» **Your instructions**:
Every line below from the one containing "Uno spazio di" through the one containing "Riverfront Condo Unit" is to be printed exactly, with the pictures omitted.

[Given information Boundary: Start]

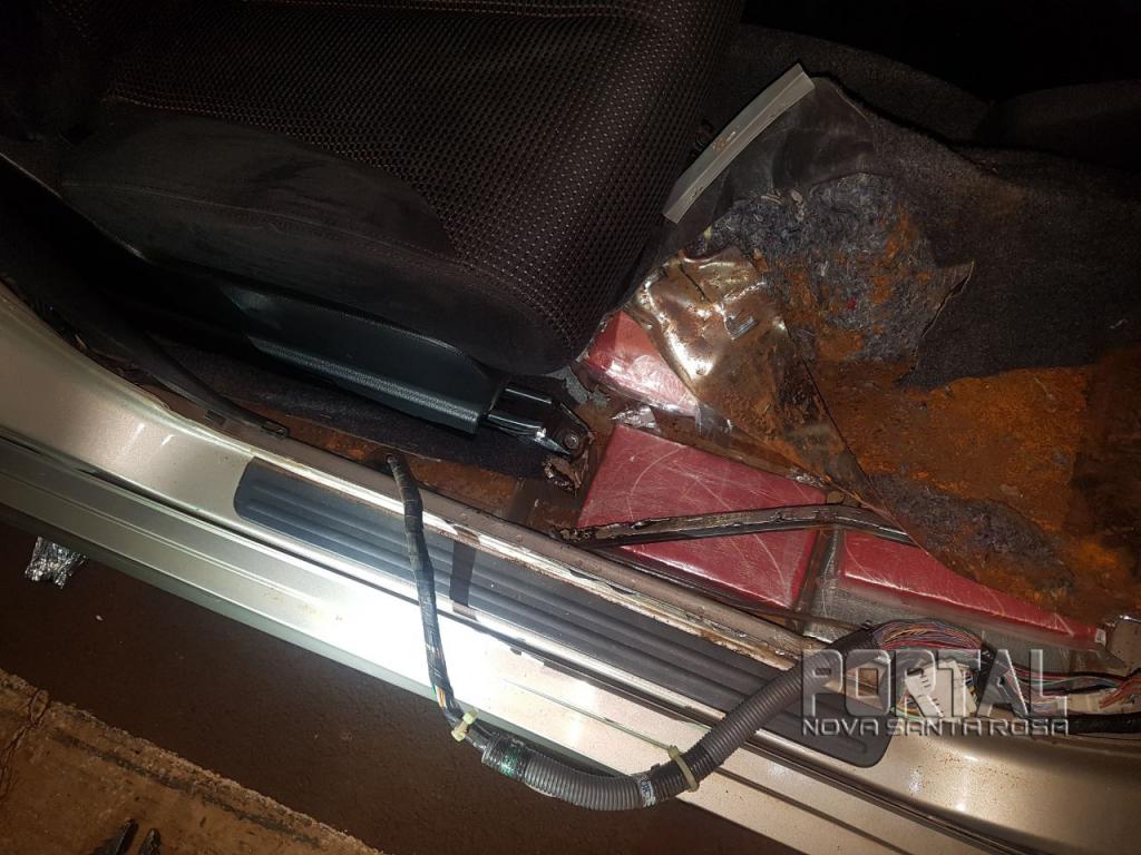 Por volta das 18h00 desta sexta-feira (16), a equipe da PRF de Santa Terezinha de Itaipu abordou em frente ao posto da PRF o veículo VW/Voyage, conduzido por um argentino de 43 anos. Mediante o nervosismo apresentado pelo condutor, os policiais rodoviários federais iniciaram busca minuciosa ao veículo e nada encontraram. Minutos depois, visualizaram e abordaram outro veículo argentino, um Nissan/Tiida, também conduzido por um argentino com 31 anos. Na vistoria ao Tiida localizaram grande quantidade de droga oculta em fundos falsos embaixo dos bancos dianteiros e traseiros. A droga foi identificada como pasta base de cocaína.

[Given information Boundary: End]
[Given information Boundary: Start]

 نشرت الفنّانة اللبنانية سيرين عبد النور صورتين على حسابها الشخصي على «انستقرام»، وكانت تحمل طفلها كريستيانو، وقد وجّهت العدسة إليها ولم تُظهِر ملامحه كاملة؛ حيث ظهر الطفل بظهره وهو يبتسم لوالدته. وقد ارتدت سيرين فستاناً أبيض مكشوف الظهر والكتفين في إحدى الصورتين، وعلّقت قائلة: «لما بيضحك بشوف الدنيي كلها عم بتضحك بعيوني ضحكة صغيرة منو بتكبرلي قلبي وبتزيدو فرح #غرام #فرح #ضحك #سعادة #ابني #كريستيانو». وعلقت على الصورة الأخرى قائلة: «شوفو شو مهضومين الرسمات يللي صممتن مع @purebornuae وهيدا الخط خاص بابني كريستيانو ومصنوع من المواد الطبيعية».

[Given information Boundary: End]
[Given information Boundary: Start]

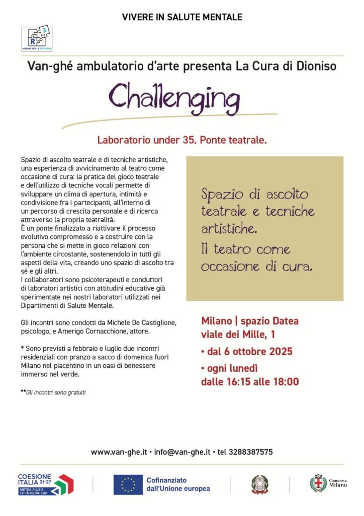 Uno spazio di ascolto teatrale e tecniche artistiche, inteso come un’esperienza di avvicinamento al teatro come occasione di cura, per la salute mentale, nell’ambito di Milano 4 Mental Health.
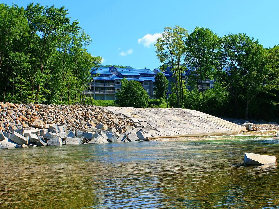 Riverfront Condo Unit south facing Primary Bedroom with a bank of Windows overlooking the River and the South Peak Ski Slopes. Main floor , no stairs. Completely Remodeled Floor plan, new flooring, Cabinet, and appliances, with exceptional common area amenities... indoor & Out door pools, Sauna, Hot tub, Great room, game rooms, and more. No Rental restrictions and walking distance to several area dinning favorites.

[Given information Boundary: End]

» **Completed exercise**:
 Uno spazio di ascolto teatrale e tecniche artistiche, inteso come un’esperienza di avvicinamento al teatro come occasione di cura, per la salute mentale, nell’ambito di Milano 4 Mental Health.
 Riverfront Condo Unit south facing Primary Bedroom with a bank of Windows overlooking the River and the South Peak Ski Slopes. Main floor , no stairs. Completely Remodeled Floor plan, new flooring, Cabinet, and appliances, with exceptional common area amenities... indoor & Out door pools, Sauna, Hot tub, Great room, game rooms, and more. No Rental restrictions and walking distance to several area dinning favorites.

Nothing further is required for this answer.